= Task objective =
You are asked to repeat the listing word for word and to leave out its pictures.

= Entries shown =
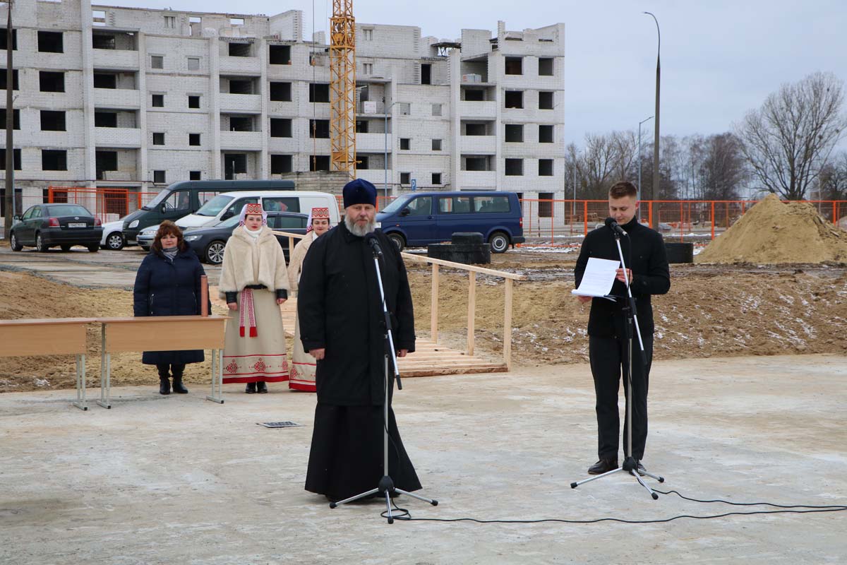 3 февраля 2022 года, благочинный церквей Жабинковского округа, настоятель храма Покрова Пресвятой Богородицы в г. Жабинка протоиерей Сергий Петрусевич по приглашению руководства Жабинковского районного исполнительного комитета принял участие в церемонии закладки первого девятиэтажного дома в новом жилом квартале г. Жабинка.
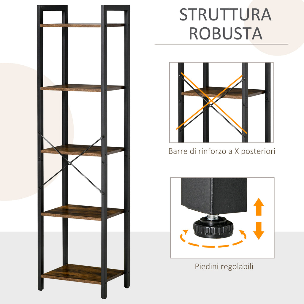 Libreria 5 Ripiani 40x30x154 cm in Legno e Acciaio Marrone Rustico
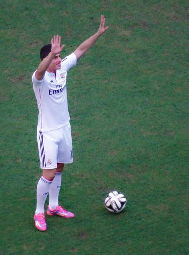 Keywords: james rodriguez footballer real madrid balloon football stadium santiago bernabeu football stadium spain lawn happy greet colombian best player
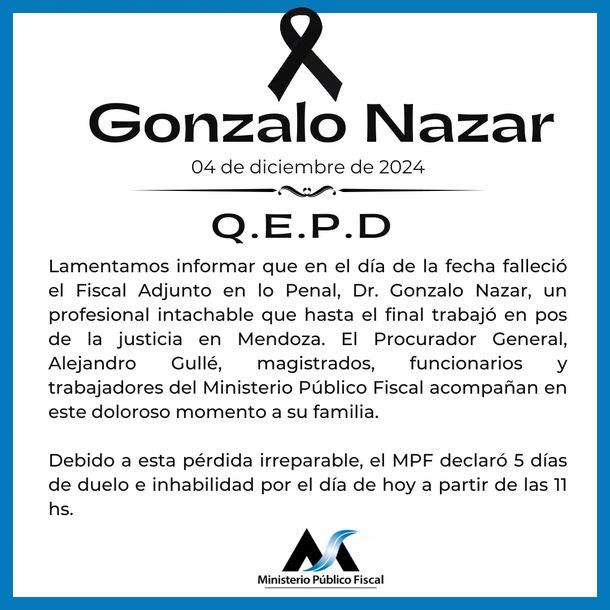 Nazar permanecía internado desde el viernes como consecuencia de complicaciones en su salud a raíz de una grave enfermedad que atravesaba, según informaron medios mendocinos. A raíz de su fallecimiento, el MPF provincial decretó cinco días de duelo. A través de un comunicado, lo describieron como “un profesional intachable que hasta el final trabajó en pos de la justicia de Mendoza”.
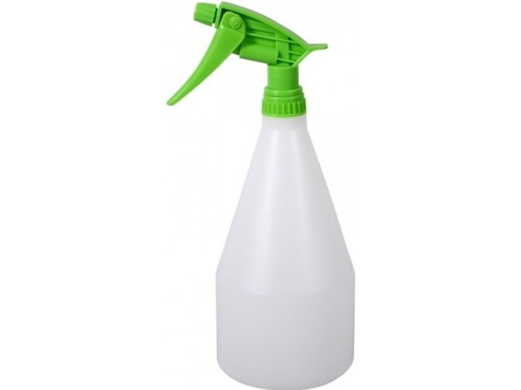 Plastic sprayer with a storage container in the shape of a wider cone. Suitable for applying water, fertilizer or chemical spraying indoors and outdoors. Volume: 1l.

= Exercise response =
 3 февраля 2022 года, благочинный церквей Жабинковского округа, настоятель храма Покрова Пресвятой Богородицы в г. Жабинка протоиерей Сергий Петрусевич по приглашению руководства Жабинковского районного исполнительного комитета принял участие в церемонии закладки первого девятиэтажного дома в новом жилом квартале г. Жабинка.
 Libreria 5 Ripiani 40x30x154 cm in Legno e Acciaio Marrone Rustico
 Keywords: james rodriguez footballer real madrid balloon football stadium santiago bernabeu football stadium spain lawn happy greet colombian best player
 Nazar permanecía internado desde el viernes como consecuencia de complicaciones en su salud a raíz de una grave enfermedad que atravesaba, según informaron medios mendocinos. A raíz de su fallecimiento, el MPF provincial decretó cinco días de duelo. A través de un comunicado, lo describieron como “un profesional intachable que hasta el final trabajó en pos de la justicia de Mendoza”.
 Plastic sprayer with a storage container in the shape of a wider cone. Suitable for applying water, fertilizer or chemical spraying indoors and outdoors. Volume: 1l.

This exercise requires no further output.